* What you should do: The records that follow must all be duplicated exactly.

* Materials provided:
Segment Open

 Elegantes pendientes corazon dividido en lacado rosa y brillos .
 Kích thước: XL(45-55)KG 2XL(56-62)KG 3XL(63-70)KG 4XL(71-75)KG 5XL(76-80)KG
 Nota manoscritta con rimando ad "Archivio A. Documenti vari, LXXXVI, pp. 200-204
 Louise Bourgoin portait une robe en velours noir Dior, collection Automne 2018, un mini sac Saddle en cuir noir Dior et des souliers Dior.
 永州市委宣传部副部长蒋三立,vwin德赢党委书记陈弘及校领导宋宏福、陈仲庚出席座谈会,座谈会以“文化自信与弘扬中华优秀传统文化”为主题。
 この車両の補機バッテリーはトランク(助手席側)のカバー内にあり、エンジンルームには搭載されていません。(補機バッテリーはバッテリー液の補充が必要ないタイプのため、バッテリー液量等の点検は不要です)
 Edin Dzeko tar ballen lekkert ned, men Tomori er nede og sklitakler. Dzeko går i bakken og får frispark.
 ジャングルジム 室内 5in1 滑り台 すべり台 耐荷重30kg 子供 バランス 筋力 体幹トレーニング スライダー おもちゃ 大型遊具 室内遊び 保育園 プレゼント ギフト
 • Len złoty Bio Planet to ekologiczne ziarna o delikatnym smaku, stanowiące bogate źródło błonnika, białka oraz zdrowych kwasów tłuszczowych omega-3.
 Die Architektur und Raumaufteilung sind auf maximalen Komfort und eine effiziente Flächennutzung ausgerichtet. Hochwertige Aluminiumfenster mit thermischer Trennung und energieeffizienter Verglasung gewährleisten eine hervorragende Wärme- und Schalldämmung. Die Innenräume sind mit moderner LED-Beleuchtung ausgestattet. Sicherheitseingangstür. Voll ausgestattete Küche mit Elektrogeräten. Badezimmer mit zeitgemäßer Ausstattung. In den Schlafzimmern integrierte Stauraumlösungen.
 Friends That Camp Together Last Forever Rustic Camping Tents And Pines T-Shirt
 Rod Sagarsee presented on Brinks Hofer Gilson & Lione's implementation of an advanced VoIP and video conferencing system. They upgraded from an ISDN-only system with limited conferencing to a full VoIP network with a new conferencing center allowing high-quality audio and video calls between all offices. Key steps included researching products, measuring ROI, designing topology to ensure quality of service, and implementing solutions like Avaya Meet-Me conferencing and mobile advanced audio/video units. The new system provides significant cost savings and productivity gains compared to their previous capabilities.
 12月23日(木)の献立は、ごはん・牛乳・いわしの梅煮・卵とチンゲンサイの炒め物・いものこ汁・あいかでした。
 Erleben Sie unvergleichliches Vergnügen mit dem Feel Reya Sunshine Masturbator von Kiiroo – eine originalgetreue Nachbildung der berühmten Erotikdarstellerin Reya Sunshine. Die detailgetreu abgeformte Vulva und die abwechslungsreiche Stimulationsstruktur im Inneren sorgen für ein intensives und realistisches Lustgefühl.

Segment Closed

* Result for this exercise:
 Elegantes pendientes corazon dividido en lacado rosa y brillos .
 Kích thước: XL(45-55)KG 2XL(56-62)KG 3XL(63-70)KG 4XL(71-75)KG 5XL(76-80)KG
 Nota manoscritta con rimando ad "Archivio A. Documenti vari, LXXXVI, pp. 200-204
 Louise Bourgoin portait une robe en velours noir Dior, collection Automne 2018, un mini sac Saddle en cuir noir Dior et des souliers Dior.
 永州市委宣传部副部长蒋三立,vwin德赢党委书记陈弘及校领导宋宏福、陈仲庚出席座谈会,座谈会以“文化自信与弘扬中华优秀传统文化”为主题。
 この車両の補機バッテリーはトランク(助手席側)のカバー内にあり、エンジンルームには搭載されていません。(補機バッテリーはバッテリー液の補充が必要ないタイプのため、バッテリー液量等の点検は不要です)
 Edin Dzeko tar ballen lekkert ned, men Tomori er nede og sklitakler. Dzeko går i bakken og får frispark.
 ジャングルジム 室内 5in1 滑り台 すべり台 耐荷重30kg 子供 バランス 筋力 体幹トレーニング スライダー おもちゃ 大型遊具 室内遊び 保育園 プレゼント ギフト
 • Len złoty Bio Planet to ekologiczne ziarna o delikatnym smaku, stanowiące bogate źródło błonnika, białka oraz zdrowych kwasów tłuszczowych omega-3.
 Die Architektur und Raumaufteilung sind auf maximalen Komfort und eine effiziente Flächennutzung ausgerichtet. Hochwertige Aluminiumfenster mit thermischer Trennung und energieeffizienter Verglasung gewährleisten eine hervorragende Wärme- und Schalldämmung. Die Innenräume sind mit moderner LED-Beleuchtung ausgestattet. Sicherheitseingangstür. Voll ausgestattete Küche mit Elektrogeräten. Badezimmer mit zeitgemäßer Ausstattung. In den Schlafzimmern integrierte Stauraumlösungen.
 Friends That Camp Together Last Forever Rustic Camping Tents And Pines T-Shirt
 Rod Sagarsee presented on Brinks Hofer Gilson & Lione's implementation of an advanced VoIP and video conferencing system. They upgraded from an ISDN-only system with limited conferencing to a full VoIP network with a new conferencing center allowing high-quality audio and video calls between all offices. Key steps included researching products, measuring ROI, designing topology to ensure quality of service, and implementing solutions like Avaya Meet-Me conferencing and mobile advanced audio/video units. The new system provides significant cost savings and productivity gains compared to their previous capabilities.
 12月23日(木)の献立は、ごはん・牛乳・いわしの梅煮・卵とチンゲンサイの炒め物・いものこ汁・あいかでした。
 Erleben Sie unvergleichliches Vergnügen mit dem Feel Reya Sunshine Masturbator von Kiiroo – eine originalgetreue Nachbildung der berühmten Erotikdarstellerin Reya Sunshine. Die detailgetreu abgeformte Vulva und die abwechslungsreiche Stimulationsstruktur im Inneren sorgen für ein intensives und realistisches Lustgefühl.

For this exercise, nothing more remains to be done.